Palgrave Macmillan, London, England, 2018
343 pp. Trade, 103,99 €
ISBN: 978-3-319-90331-6.

Reviewed by: 
Charles Forceville
August 2019

This volume, Brylla and Kramer claim, constitutes the first sustained study of documentary film from a cognitive perspective. Cognitive film studies developed since the 1980s as an alternative to strongly philosophical, ideology-oriented, and psychoanalytic approaches, and mainly focused on fiction film. Cognitivists presuppose that viewers largely make sense of film by drawing on the knowledge and action-strategies they use in real-life, complemented by an understanding of the medium’s specific affordances and constraints. Rather than taking pride in writing dazzling essays on individual films, they aim to uncover meaning-making patterns within or across films, governed by transparent methods of analysis. In this respect, film cognitivists try to be optimally “scientific.”

The book contains 17 chapters, divided over four sections: “the mediation of realities”; “character engagement”; “emotions and embodied experience”; and “documentary practice.” But several themes straddle these sections. Arguably the most important theme is the relation between fiction film and documentary. On the one hand, it is vital to stress similarities: Watching and interpreting both types of films engages viewers’ emotions and evokes bodily responses (Antunes, Kramer) no less than their ability to reason and to infer information. As Nichols states, qualifying his own famous description of documentary as a “discourse of sobriety,” “it is not sobriety we seek so much as engagement, conviction, and belief” (p. ix). Persuasion often draws on narration and on imagination (Bondebjerg), and documentaries can be as challenging in style and structure as fiction films (Corner). Since the strong “indexical” relation between filmic representation and reality, essential for documentary, does not necessarily run via the image track, there is no reason why documentary cannot be (partly) animated (Conde Aldana). No less than their fictional counterparts documentary protagonists need to invoke empathy in viewers: Nål discusses how failing to do so affects documentaries’ possible impact. Our Darwinian urge to survive and reproduce explains how a focus on protagonists’ need for “attachment” appeals to viewers (Kramer), but also enables us to empathize with animals in wildlife documentaries – although we do animals an injustice if we excessively anthropomorphize them (Weik von Mossner). Empathy makes us more tolerant: empathizing with a morally ambiguous protagonist invites viewers to reconsider their convictions (Tang).

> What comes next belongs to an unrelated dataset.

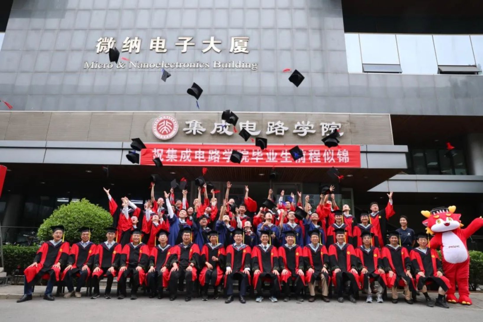毕业典礼的最后,王源和蔡一茂分别为到场的毕业生拨穗,授予学位。

On the other hand, nonfiction and fiction are also crucially different, and the fading of the border between them, especially in an era of “fake news” and “alternative facts,” is downright dangerous. The hybrid form of the docudrama (“based on a true story”), for instance, can be deceptively persuasive but factually incorrect (Grodal). Accepting that story-telling is a staple technique in contemporary documentaries, Eitzen maintains that documentary has a different brief than news programs. He argues that whereas news needs to present facts, documentaries should encourage people to care about factuality, so that they remain committed to socio-political issues. Plantinga reflects on the (un)desirability and ethical implications of turning documentary’s “social actors” into characters. Ros et al. show that the popularity of first-person documentaries, with their emphasis on re-enactment and performativity, has contributed to eroding the distinction between fiction and documentary. Ultimately, they claim, it is the audience’s stance rather than text-internal characteristics that typify documentary.

Cognitive theory’s rootedness in everyday meaning making sits well with makers’ perspectives. Brylla discusses how awareness of social-cognitive schema theory has helped him avoid stereotyping “the Other” in his documentaries. Grabowski usefully explains how three types of interview setups (in the studio, on location, talking directly into the camera) influence viewers’ responses. He also sketches how changing viewing conditions (on a tablet, a mobile phone) affect such responses. Pearlman, finally, lessons the reader on principles of good film-editing, emphasizing the need to make optimal use of what viewers already know. These principles are: watching, sorting, remembering, selecting, and composing.

Most chapters discuss one or two case studies in considerable detail, demonstrating the applicability and usefulness of the theoretical concepts introduced. Interestingly, several chapters adopt cognitive linguistic models (conceptual metaphor theory, blending theory, image schema theory), while the insistence that meaning-making may differ between (groups of) viewers (Eder) suggests cross-fertilization with Sperber and Wilson’s relevance theory. Thereby Cognitive Theory and Documentary Film is a fine step towards the realization of a humanities-straddling cognitive paradigm of making meaning.